TASK INPUTS
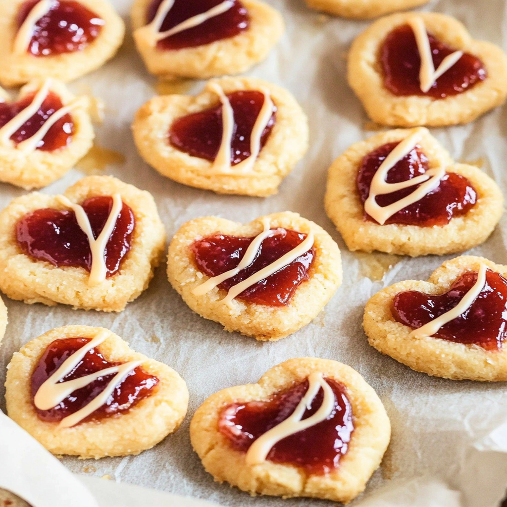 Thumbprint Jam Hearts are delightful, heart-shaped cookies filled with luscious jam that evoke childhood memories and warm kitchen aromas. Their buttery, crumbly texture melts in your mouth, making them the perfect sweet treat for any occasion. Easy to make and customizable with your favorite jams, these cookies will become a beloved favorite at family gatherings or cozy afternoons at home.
* * *
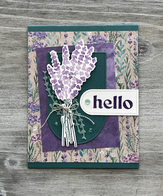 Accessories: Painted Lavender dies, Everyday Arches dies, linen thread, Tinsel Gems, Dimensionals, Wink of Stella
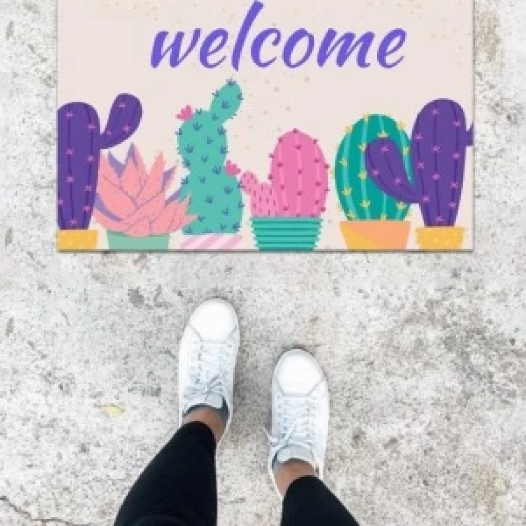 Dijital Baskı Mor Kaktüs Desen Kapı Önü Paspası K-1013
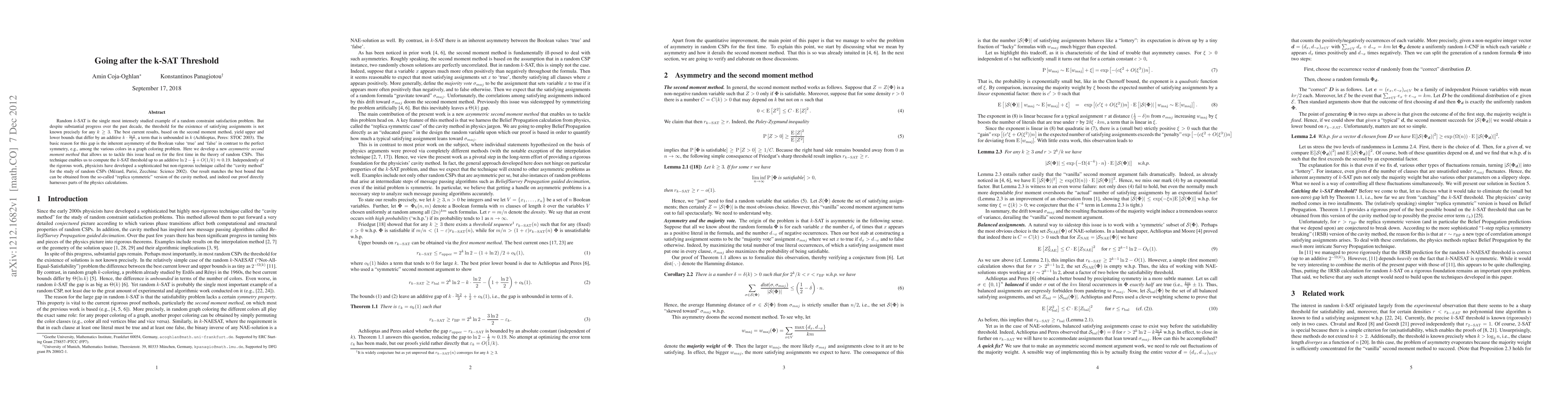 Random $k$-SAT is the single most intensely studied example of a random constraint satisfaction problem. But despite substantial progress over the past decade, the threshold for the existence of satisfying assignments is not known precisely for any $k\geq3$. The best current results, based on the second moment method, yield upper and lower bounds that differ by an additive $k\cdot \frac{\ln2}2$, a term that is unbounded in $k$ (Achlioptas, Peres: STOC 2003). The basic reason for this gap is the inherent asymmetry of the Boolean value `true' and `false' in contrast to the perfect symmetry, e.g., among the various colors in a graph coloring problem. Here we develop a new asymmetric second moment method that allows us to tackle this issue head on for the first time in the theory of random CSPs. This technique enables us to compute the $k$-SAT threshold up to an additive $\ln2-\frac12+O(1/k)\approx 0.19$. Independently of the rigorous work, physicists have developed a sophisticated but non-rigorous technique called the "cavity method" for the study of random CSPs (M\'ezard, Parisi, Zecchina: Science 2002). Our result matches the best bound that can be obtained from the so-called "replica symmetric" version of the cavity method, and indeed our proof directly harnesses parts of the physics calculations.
...
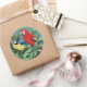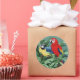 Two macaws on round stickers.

YOUR GOAL
Within the listing above, extract exactly the lines that run from the one containing "Accessories: Painted Lavender" through the one containing "Dijital Baskı Mor", excluding any pictures.

COMPLETED EXERCISE
 Accessories: Painted Lavender dies, Everyday Arches dies, linen thread, Tinsel Gems, Dimensionals, Wink of Stella
 Dijital Baskı Mor Kaktüs Desen Kapı Önü Paspası K-1013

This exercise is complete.